One assemblage, “She flies through the air with the greatest of ease,” which greets viewers at the gallery door, demonstrates Treanor’s ability to break out of her visual convention. A silver tray, a truck’s hood ornament, a doll head, and a shiny tool are combined in an odd and delightful way. The viewer’s point of view is engaged as the doll’s head is reflected from different facets of the silver tray, which serves as the sculpture’s background.

“She flies…” finds congruity with her statement, “I allow my intuition to join seemingly disparate items. I see form rather than function.” In her most compelling works, Treanor transforms the combined objects into expressions that offer a glimpse into the substance of the mind that Dada and Surrealism, the roots of found object sculpture, can provoke.

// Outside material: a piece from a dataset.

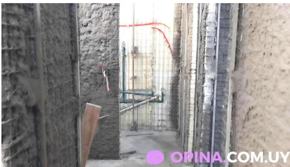
Cooperativa caminos nuevos de los visitantes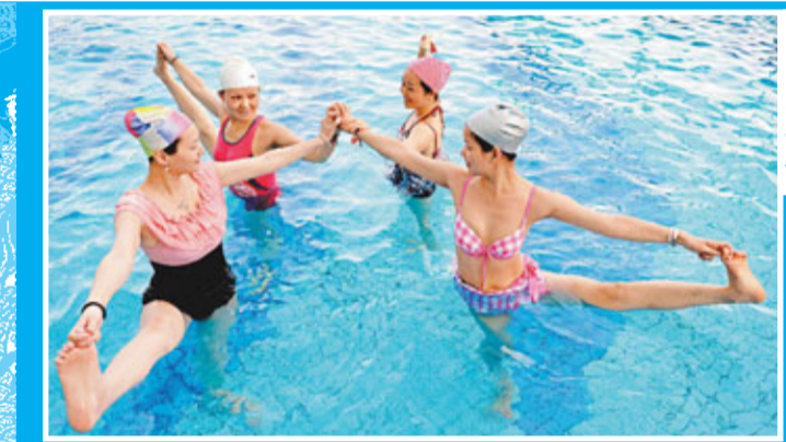
7月14日是農曆盛夏「三伏」節氣的初伏。當日下午,福建福州女青年在瑜伽教練的指導下練習水中瑜伽,清涼置身。

對此,有關政府建設官員指:「根據規定,經濟適用房是不允許出租的,群租更要被禁止,私自改變房屋結構的做法也不行。」

Patti Singer's “Rabbit in the Hat.”/ Photo by Stephen Eginoire

Patti Singer’s wall piece, “Snare” punched me in the gut the moment I saw it. The image of a fox skin clad with a human phallus, hanging from a rabbit-shaped weathervane, has been haunting. Once a stuffed toy, now disemboweled and lifelessly draped from its nemesis, the piece presents a story of the tables turned. This anthropomorphic tale is a warning and foreshadows the fate of one who is too clever and overly full of oneself. Assumptions about the victim and the hero as well as other human dramas are symbolically explored in Singer’s work. Humor and horror set the tone for her “vignettes."

Three other mixed-media dolls by Singer have hovered in my periphery vision since viewing the show. “Afterlife” is comprised of a dismembered and reassembled rabbit (with an unlucky foot pitifully dangling) that holds an angelic baby doll. “Spring,” a drenched and slumping bunny that is tied to a chair, tenderly offers a dove a resting place. By far the darkest of her pieces is “Empty Nest,” in which a baby doll body with a bird’s nest upon its head has been covered with black horsehair. Three of four appendages end in paws that sport actual animal claws. A nearly transformed werewolf comes to mind as the solo human arm grasps a baby wearing a rabbit suit.

As in most of her sculptures, “Empty Nest” is slathered with a medium that makes the surfaces look viscous and sticky. This treatment suggests amniotic fluid, and each sculpture takes on the symbolism of a stillborn issue or nascent trauma. Her doll forms are intended as carriers for the “many childhood associations we have with the rabbit as toys, fairytales and stories.” Too, using the doll as her expressive vehicle amplifies the impact of these images. The sculptures are pregnant with meaning and covered with the gory details.

Singer’s dolls are anything but playthings. They offer serious contemplation of the complacencies in our lives, and remind us that exploring unresolved psychological and emotional issues is hardly ever pretty. •

Mélange is on display at the Durango Arts Center, 802 E. Second Ave., through Friday, July 31.